Wiener presents no authority suggesting that the malpractice claim could arise from protected activity when brought by a client against counsel. The complaint alleges a derivative claim (apparently on behalf of ICODA) that Wiener never communicated or consulted with ICODA’s Board of Directors or conducted any investigation into Plaintiff’s claims, as set forth in the correspondence, or into the truth of Premodaya’s statements supporting the facts set forth in Wiener’s letters to Plaintiff. (Compl., ¶ 178.) The Complaint alleges that Wiener’s failure to obtain the advice and approval of the ICODA Officers and Board of Directors was in gross and willful disregard of his responsibilities to ICODA. (¶ 180.) Wiener’s transmission of the “termination letter” and the May 5, 2022, letters to Plaintiff, was professional negligence, exposing ICODA, its officers and directors to litigation on liability. (¶ 182.) Whether or not these allegations state a claim for malpractice is another matter entirely. Therefore, Wiener does not meet his initial burden as to this cause of action.

 

Second Prong 

 

            Defendant has met its burden concerning the IIED and defamation claims based on Wiener’s May 5, 2022, December 15, 2022, and December 18, 2022, letters.

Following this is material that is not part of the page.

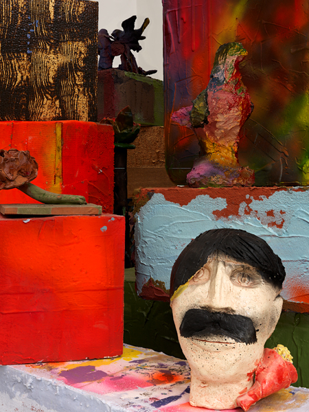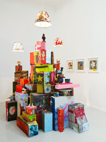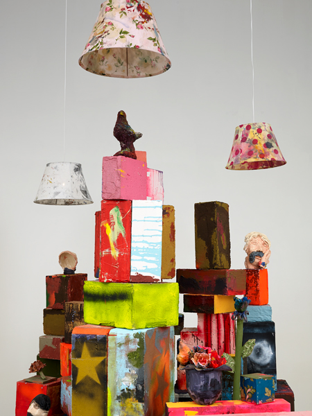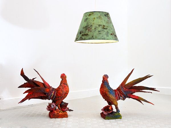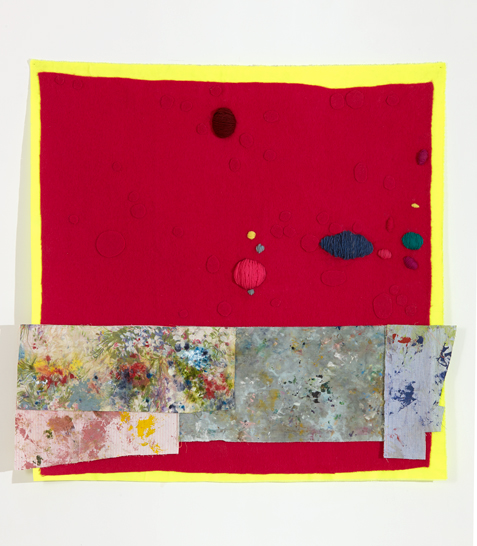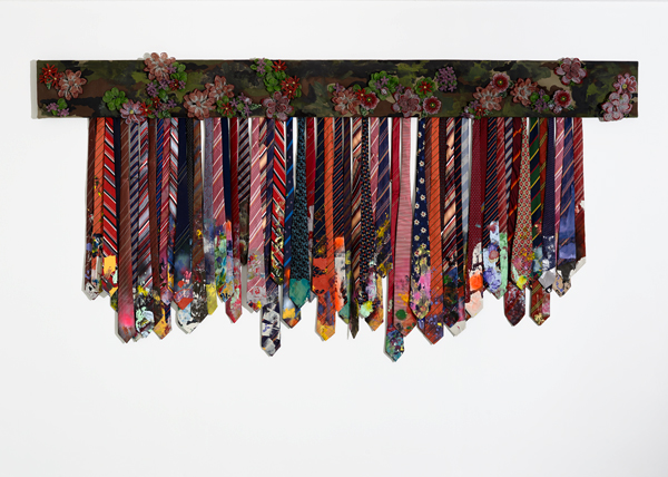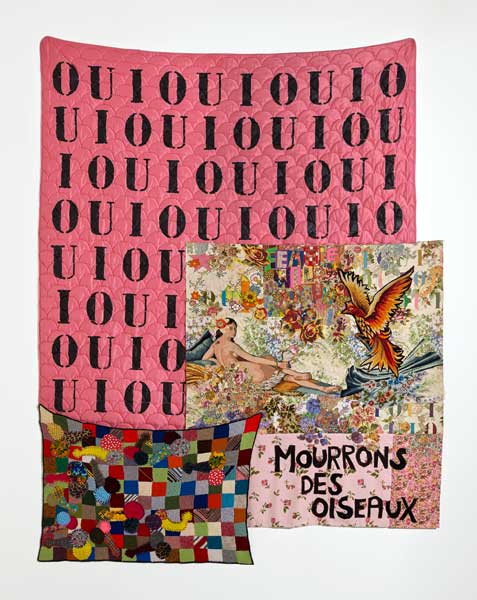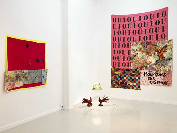 Tissus, perles, fil de fer et peinture 125 x 250 cm

Plaintiff therefore has the burden to show a prima facie case for IIED and defamation.

 

            Plaintiff cannot meet its burden on the current record. Plaintiff does not submit any admissible evidence in support of the defamation or IIED claims, and merely appends all of the previously-cited communications to his memorandum without foundation. Plaintiff attempts to rely on his recently filed FAC, which was purportedly verified by Plaintiff. Upon examination of the evidence, the verification does not comply with CCP section 2015.5’s requirement that, if the verification was executed outside the state of California, the declarant must state that it is “certified or declared under the laws of the State of California.” Plaintiff executed the verification in India, but did not swear under the laws of the state of California. Thus, there is no evidence on the record in support of the opposition.

 

If the court were to consider the FAC as evidence, Plaintiff has dropped essential allegations against Wiener. The FAC does not allege that Wiener intentionally caused Plaintiff emotional distress. (See FAC ¶ 150.) While Plaintiff maintains the defamation action against Wiener, Plaintiff omits the specific factual and charging allegations against Wiener in support of defamation. (See FAC ¶¶ 172-180.) Therefore, the FAC does not assist Plaintiff as to the second prong of the Court’s analysis.

 

Accordingly, the special motion to strike is GRANTED in part. Given the partial success of the motion, and that Plaintiff dismissed the action against Wiener in response to the anti-SLAPP, the Court would grant, in part, Defendant’s request for attorneys’ fees.